Annual Report 2013

Notes to the consolidated statement of income

(22) Sale proceeds and principles of income recognition

Sales remained approximately at the previous year’s level, at 16,355 million euros. Revenues and their development by business unit and region are summarized in the Group segment report and in the key financials by region see here and here. A detailed explanation of the development of major income and expense items can be found in the Group management report see here

Sales comprise sales of goods and services less direct sales deductions such as customer-related rebates, credits and other benefits paid or granted. Sales are recognized once the goods have been delivered or the service has been performed. In the case of goods, this coincides with the physical delivery and so-called transfer of risks and rewards. Henkel uses different terms of delivery that contractually determine the transfer of risks and rewards. It must also be probable that the economic benefits associated with the transaction will flow to the Group, and the costs incurred with respect to the transaction must be reliably measurable.
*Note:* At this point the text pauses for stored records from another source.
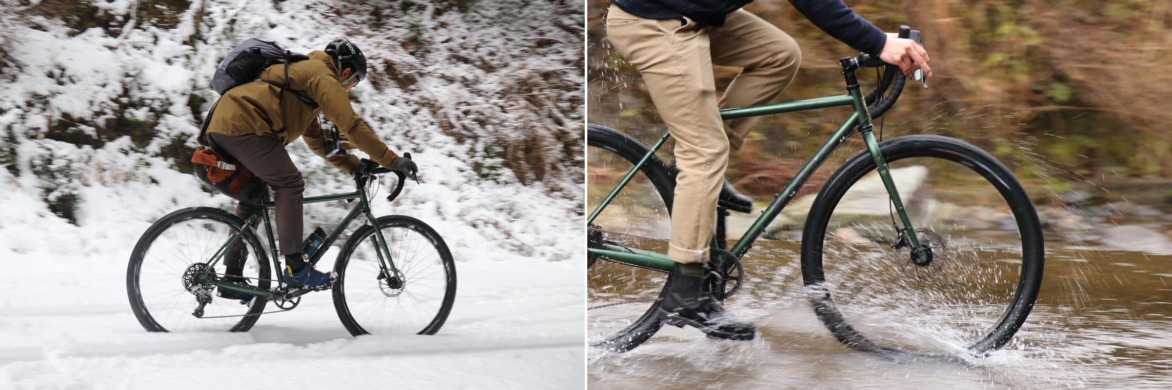 時代に左右されず永く愛され続けるシンプルなルックスを持つ ツーリングバイクを基軸としたクロモリフレームに、通常のグラベルバイクよりも更に太いMTBタイヤを飲み込みます。
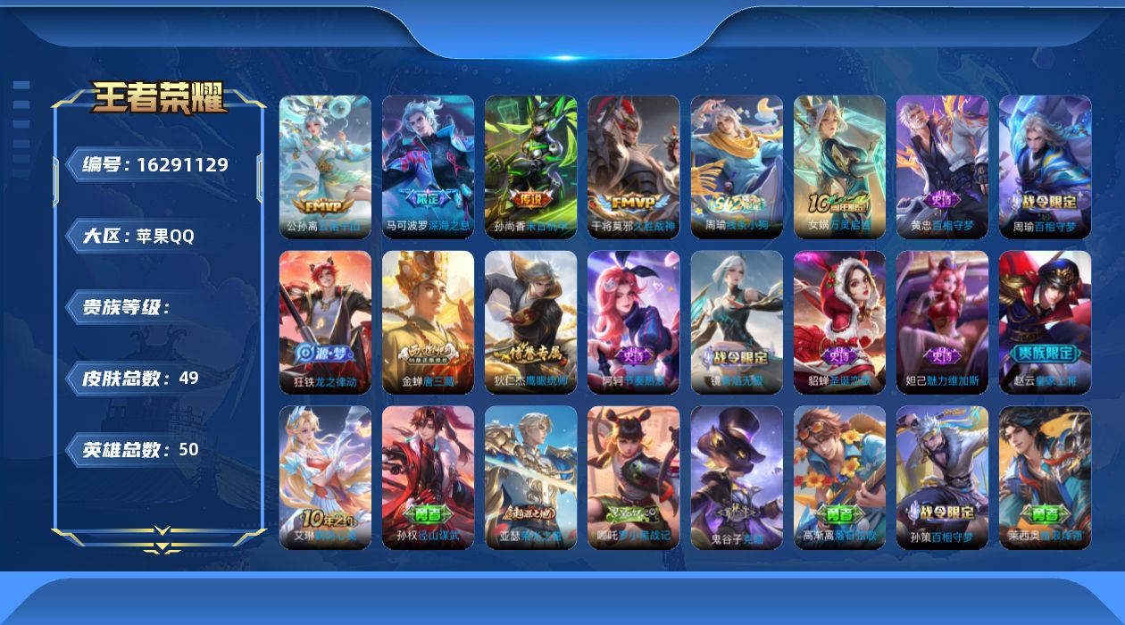 [16291129]hw8755苹果q-vundefined-永恒钻石ii-50英雄-49皮肤-0典藏-0无双-0珍品传说-5传说-8史诗 【稀有英雄】 不知火舞 娜可露露 艾琳 【传说皮肤】 云诺千山 深海之息 久胜战神 末日机甲 神树通天 【限定皮肤】 末日机甲 深海之息 【史诗皮肤】 唐三藏 龙之律动 魅力维加斯 鹰眼统帅 皇家上将 圣诞恋歌 青焰无极 节奏热浪
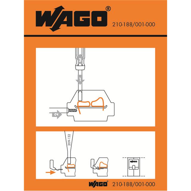This is manufactured by WAGO Corporation. The manufacturer part number is 210-188/001-000. It is assigned with possible HTSUS value of 3919.90.5060. The product is rohs3 compliant. The background colour is orange, white. The product is widely employed in industrial applications. It is shipped in box. Its typical moisture sensitivity level is not applicable. It has a long 12 weeks standard lead time. The product is designated with the ear99 code number
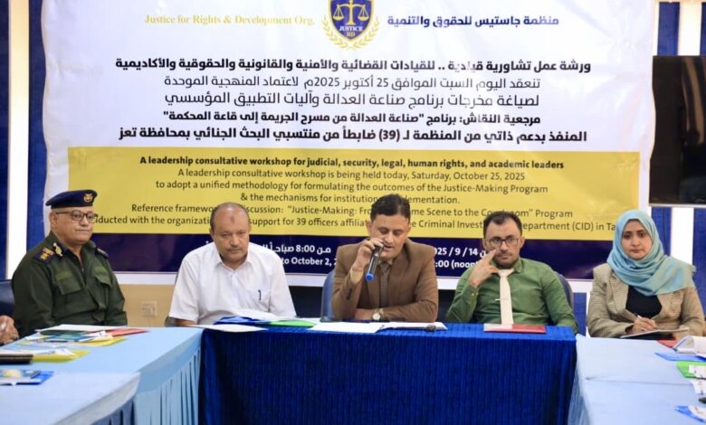 تعز: منظمة جاستيس تعقد ورشة عمل لصياغة ميثاق عمل إجرائي موحد
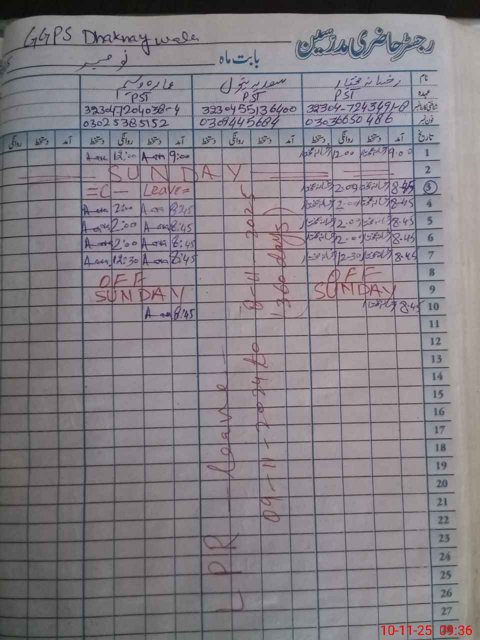 | CNIC | Full Name | Designation | R/C | Absence During Last Calender Month |
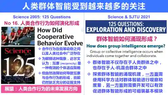 在2021年,Science和上海交通大学合作,再次提出125个问题,其中明确提出了群体智能如何涌现形成?
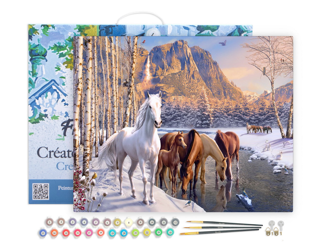 Figured'Art Malen nach Zahlen 40x50cm auf Keilrahmen gespannt Pferde im Winter
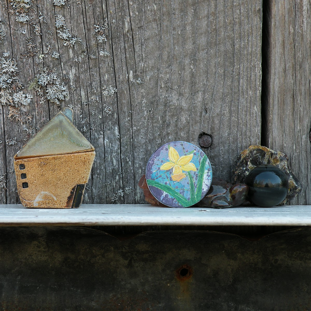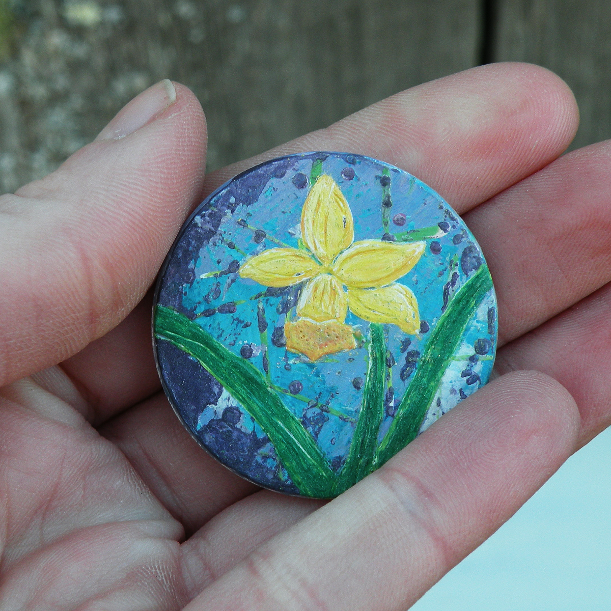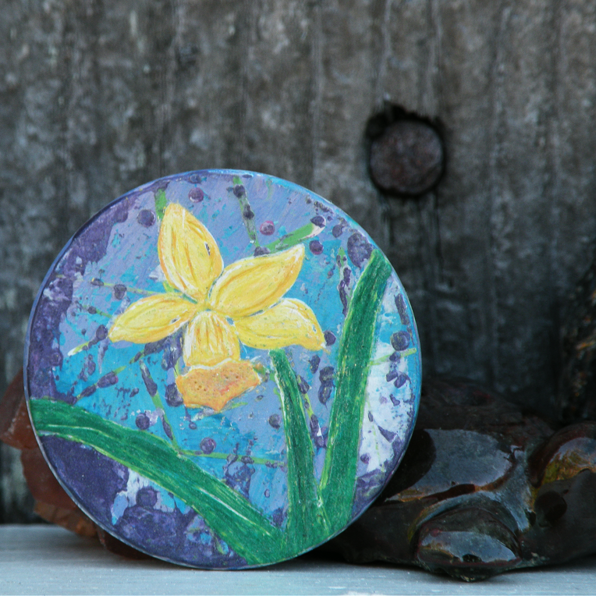"Spring Daffodil" Original Mini Art on Upcycled Poker Chip

Services are generally provided in conjunction with the sale of goods, and recorded once the service has been performed. No sale is recognized if there are significant risks relating to the receipt of the consideration or it is likely that the goods will be returned.

Interest income is recognized on a time-proportion basis that takes into account the effective yield on the asset and the interest rate in force. Dividend income from investments is recognized when the shareholders’ right to receive payment is legally established.